Labour must ditch tribalism to reclaim London’s suburbs

 
David Lammy
Those who turned away from Labour need our attention, not our scorn (Source: Getty)
There is no getting away from it: last Thursday’s result was a crushing defeat for the Labour Party. This new era requires a new generation of leaders, who must have a vision that appeals across political and geographical divides, and the ability to reach beyond Labour’s core base. Those who turned away from Labour need our attention, not our scorn.
The good news is that it looks like there will be a strong field of leadership candidates. It is humbling that so many have urged me to run, but my focus is on London, and the task of becoming mayor of the city I love.

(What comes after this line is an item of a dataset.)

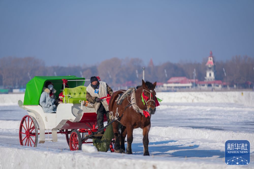 ↑ 1月11日,游客在松花江哈尔滨段江面上乘坐马车。新华社记者 王建威 摄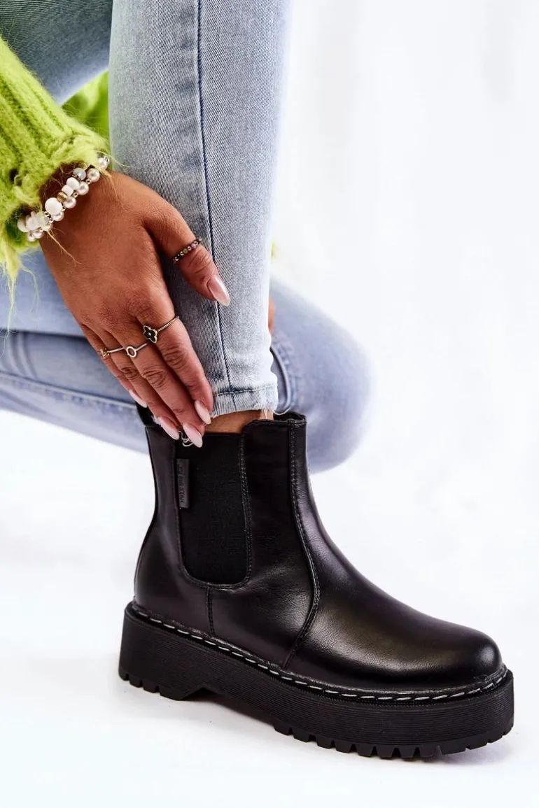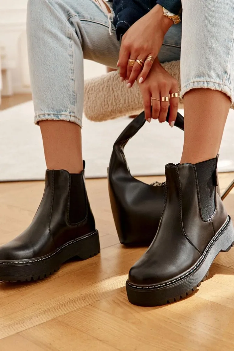 Modne botki wsuwane marki Big Star na pewno skradną Twoje serce! Model został wykonany z eko skóry. Ocieplone miłym w dotyku kocem obuwniczym. Osadzone na płaskim obcasie i platformie z bieżnikiem. Nosek zaokrąglony. Elastyczna cholewka pozwoli na odpowiednie dopasowanie obuwia. Świetnie będą komponować się z woskowanymi spodniami. Przy wyborze rozmiaru prosimy sugerować się tabelą rozmiarów.

Here in London, Labour faces a stark choice. Already there are worrying signs that lessons have not been learnt. The orgy of self-congratulation that we’ve seen in London since Thursday is misplaced. Labour may have done better in the capital than elsewhere, but despite having genuinely excellent candidates and hard working activists, we fell well short of the mark – and our own expectations – in key target seats like Hendon, Croydon Central, Finchley and Golders Green, and Harrow East. These are the seats we have to be winning if we are to put a Labour Prime Minister in Number 10.

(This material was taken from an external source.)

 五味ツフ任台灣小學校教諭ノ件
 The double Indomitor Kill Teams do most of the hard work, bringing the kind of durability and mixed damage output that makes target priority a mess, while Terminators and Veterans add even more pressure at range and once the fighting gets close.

Labour’s failure to gain target seats in Outer London is evidence of our inability in recent years to reach beyond our traditional base. Our campaigns – on energy bills, rents and the minimum wage – resonated in parts of London where people are struggling, and our support rose in areas where increasing ethnic diversity has boosted the number of Labour voters. But in more suburban areas, we had little to offer. We need to be honest enough to admit that our campaign this time around did not come close.

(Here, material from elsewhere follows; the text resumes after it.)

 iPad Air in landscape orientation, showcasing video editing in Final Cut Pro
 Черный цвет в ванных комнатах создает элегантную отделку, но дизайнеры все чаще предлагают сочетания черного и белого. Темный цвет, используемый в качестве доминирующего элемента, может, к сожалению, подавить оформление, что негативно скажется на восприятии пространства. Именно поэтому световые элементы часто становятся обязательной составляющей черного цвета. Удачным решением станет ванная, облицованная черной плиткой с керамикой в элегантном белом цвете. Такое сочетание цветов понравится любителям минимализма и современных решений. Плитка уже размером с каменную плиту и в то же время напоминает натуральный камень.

That’s not just a worry for 2020 – it’s a worry for next year’s mayoral election too. It was our failure to secure support in precisely these areas that resulted in the last two elections delivering a Conservative mayor in a traditionally Labour city. London cannot be taken for granted in this way again. Despite what some in my party wrongly believe, next year’s mayoral election is not in the bag. This is not a time for complacency; any sense that Labour hasn’t learnt its lessons will not be met kindly by the electorate.
The challenge is broadening our offer and our appeal across the spectrum. In London, the next mayor must take bold action to help those struggling with low wages, soaring rents, and rising transport and childcare costs, but they must also have a comprehensive plan for working closely with business to create jobs, boost skills, harness the power of technology, and support small companies. Londoners do best when the city has a strong and vibrant economy, with new jobs being created in emerging industries like tech and advanced manufacturing. The capital needs an independent-minded mayor, ready to stand up for London’s interests – but not one who will pick fights with a Conservative government for the sake of it.
Labour needs leaders that understand this. By ditching the tribalism and division that has failed, the party will come back stronger, both nationally and here in London. When the Tories lost in 1997, it took three rejected leaders before they realised the scale of the need for change. Labour cannot afford to take that long. The primary that now begins to select the Labour candidate for mayor is a key test of how much the party understands the huge challenge facing it.
Never again can we afford to lose touch with those who support us. The choice for politicians is this: listen and learn from the public, or be taught a harsh lesson at the ballot box.